For my family and many other Armenians, autumn meant it was time to sock two things away for the long winter ahead: sujuk, an air-cured, heavily spiced beef sausage, and tourshi, pickled vegetables in a tangy, lightly-spiced vinegar brine. In Armenia—as well as in numerous other countries in the region—tourshi (or turshi) just means “pickles,” and the dish can be made with just about any crisp, edible-when-raw vegetable you can think of. Armenians set tourshi on the dining table no matter the occasion, but it is an essential component of any mezze spread or a side dish alongside entrées. 

Serious Eats / Amanda Suarez

When we make tourshi, we just buy a mess of vegetables and pack them into as many containers as necessary. In my family, we usually made it from a greatest-hits collection of crunchy things—carrots, celery, cauliflower, cabbage, unripe green tomatoes, turnips, and tender-skinned long sweet peppers—but the process works no matter what combination you choose, and I often use it to pickle whatever I have on hand and need to preserve for later on. With that said, I have tried to be as prescriptive as possible in this recipe. In order to make sure you have enough vegetables and brine to fill your jars, and given that different vegetables will take up different amounts of space in the jars, you’ll have to start with more than you can possibly use and repurpose whatever you can’t manage to fit. 

The method for making tourshi is simple: You cut the vegetables into bite-size pieces or short spears, and pack them into containers, along with a scoop of whole aromatic spices, a few sprigs of parsley, a couple of garlic cloves, and however many hot peppers you want. Tourshi can be spicy, but it isn’t always; use as many hot peppers as you like, but take care you don’t overdo it and make the pickles intolerably hot, unless that is your thing.

My parents always put their tourshi into large ceramic crocks that they stored in an unheated cellar all winter, but just about any sealable heatproof container will do; my  recipe is crafted to use four one-quart mason jars. Once the containers are filled, you bring a mixture of water, cider vinegar, and salt to a boil, and then carefully pour the hot brine over the vegetables. Adding the hot liquid directly on top gently par-cooks the vegetables just enough to increase their tenderness without sacrificing their texture. You then seal the containers and leave them for five days at room temperature, during which time the vegetables soften further and the flavors of the pickles meld.
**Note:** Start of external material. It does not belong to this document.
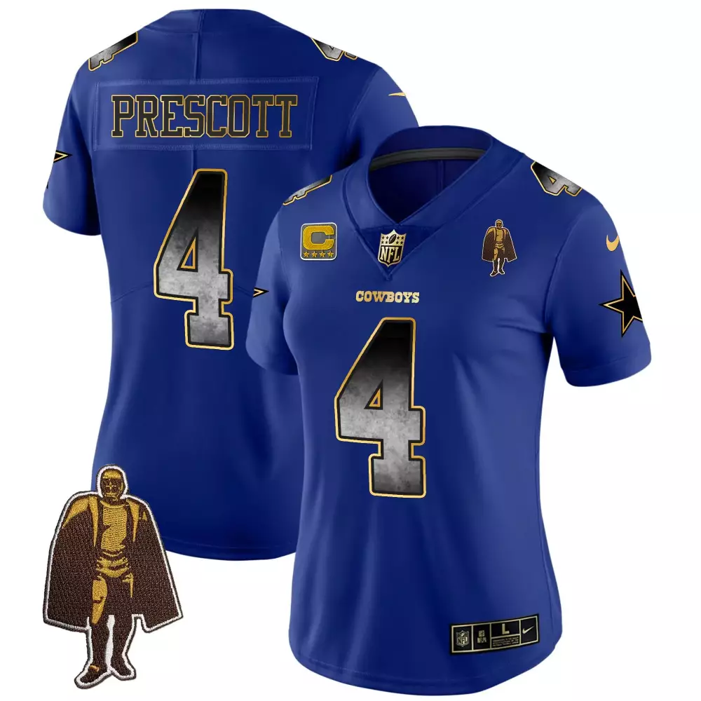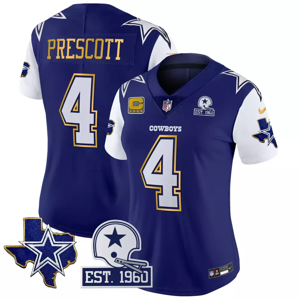 Dak Prescott Royal Women’s Dallas Cowboys 2023 NFC East Champions Patch Vapor Jersey | All Stitched | For Men, Women & Youth | Fan Gear;Dak Prescott Royal Women’s Dallas Cowboys Arch Smoke Vapor Jersey | All Stitched | For Men, Women & Youth | Game Day Outfit;Dak Prescott Royal Women’s Dallas Cowboys Texas John Madden Patch Gold Trim Vapor Jersey | All Stitched | For Men, Women & Youth | Limited Edition;Dak Prescott Royal Women’s Dallas Cowboys Texas John Madden Patch Vapor Jersey | All Stitched | For Men, Women & Youth | Fan Gear;Dak Prescott Royal Women’s Dallas Cowboys Texas Patch Gold Trim Vapor Jersey | All Stitched | For Men, Women & Youth | Limited Edition

Serious Eats / Vicky Wasik

With large containers like crocks, you can place a plate or another heavy object on top to hold the vegetables under the brine; in jars, just flip them over once a day to keep everything sufficiently submerged. After that, they go into the refrigerator to chill for a day before being ready to serve. Your finished tourshi probably won’t stick around too long, but if it does, it keeps for six months or longer in the fridge.

I trust that after you make this recipe once, you’ll get the hang of the basic method and will be inspired to use it to preserve all sorts of vegetables, in whatever inventive combinations you desire.